Part IV of the majority opinion indicates that the Council desired in the present case “to relocate the boundary between the R-30 area and the R-90 area” and quotes from the opinion of the Council that it found that the Glenmont area had changed from a single-family residential community to that of a rapidly expanding combination of commercial and multiple-family uses, that since the decision in the Marcus case the area had “continued on its rapid expansion of commercial and apartment-uses,” and for those reasons it found “no justification for hold*93ing the line at the same points as were warranted in 1963. It would seem more logical to extend the apartment use to R-14 at this time.” It is then stated in the majority opinion that this is considered to be a “text-book example of a ‘mere impermissible change of mind or heart’ ” referred to in several cases. The Council granted the rezoning in the present case on August 9, 1966.

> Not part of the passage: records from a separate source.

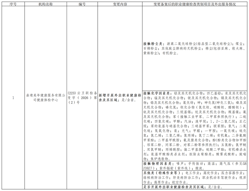 2026年2月云南省职业健康检查机构备案变更名单
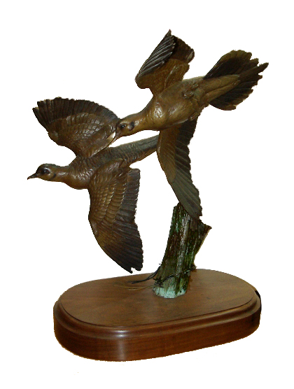 "Burning and Turning" by Ronnie Wells. Texas artist Ronnie Wells is an outdoorsman...he is an accomplished painter, a prize-winning sculptor, and author. He's also one of the nicest people in the art business. Here is one of his limited edition bronzes from over 20 years ago; a pair of pigeons on the wing, passing a barbed-wire fencepost. A very detailed piece that is professionaly cast and finished...smooth to the touch, with tasteful patina enhancements. This piece is in immaculate condition, is cast-signed by Wells, and is an Artist's Proof: 39. Wells is a true master who lives what he sculpts. Add this investment-grade bronze to your collection...only one in stock. (Requires additional shipping charges for insurance, weight and destination). |
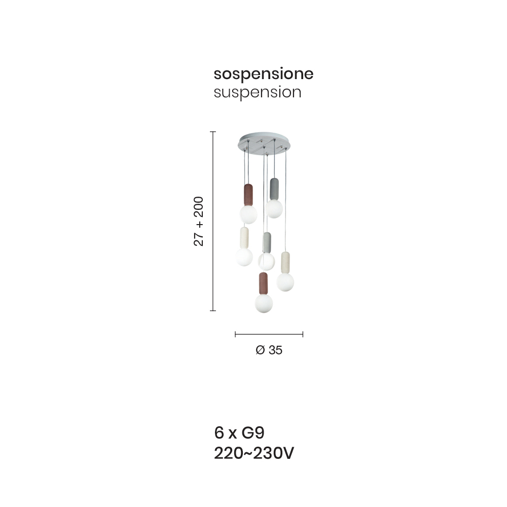 6 Leuchten - Durchmesser 35 x H 227 cm (6x G9 220-230V);
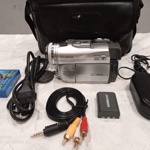 Kompakt digital videokamera med utfällbar LCD-skärm och tillbehör som nätadapter, har utgång som A/V-kablar och FireWire, tillbehör
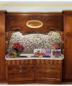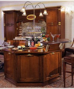 Пример композиции кухни. Топ — мрамор. Барная стойка обшита кожей крокодила. Возможны различные варианты отделки, а так же возможны различные комплектации кухни по желанию клиента.
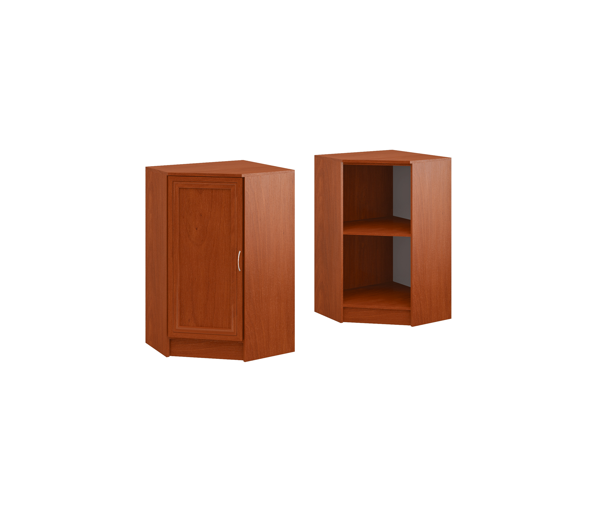 Тумба напольная угловая выполнена из Ламинированной ДСП высокого качества с насыщенным цветом. Фасады выполнены из материала МДФ.Изделие имеет 2 полки, что в совокупности дает 3 ниши, расположенных за распашной дверкой.Данный шкаф-тумба рассчитан для книг, учебных пособий, каталогов или медицинских карт. Отлично подойдет для учебных или мед учреждений, выставочной или торговой площади

The mere passage of time — approximately three years — in the volatile zoning situation you have in Montgomery County, with the great influx of population and the almost daily changes in land values and living conditions, would seem to me to preclude the likelihood that the situation was substantially the same as the situation in 1963. The Council affirmatively found that the situation had changed in three years. The “mere change of mind” finding is only permissible when the situations involved are substantially the same.
I see no reason, however, why a legislative body, if it deems that it had previously made a mistake, cannot constitutionally “change its mind” and, if zoning concepts have changed or the ■over-all situation has changed, might not properly reach a different conclusion from one reached previously. Courts, although bound to apply the doctrine of stare decisis, reserve the right to “change their minds” if convinced an original decision was in error. I would think this right to “change one’s mind” would be even more applicable to legislative bodies. The true test, as I see it, in every case is whether the legislative action is arbitrary, unreasonable and capricious; if the action is not, it should be upheld. I cannot think that the Council’s action in the present case is unreasonable, arbitrary or capricious. On the contrary, the action seems to me to be entirely reasonable and should be affirmed.
I would affirm as to Part IIT in regard to the R-T rezoning, but reverse as to Parts I, II and IV.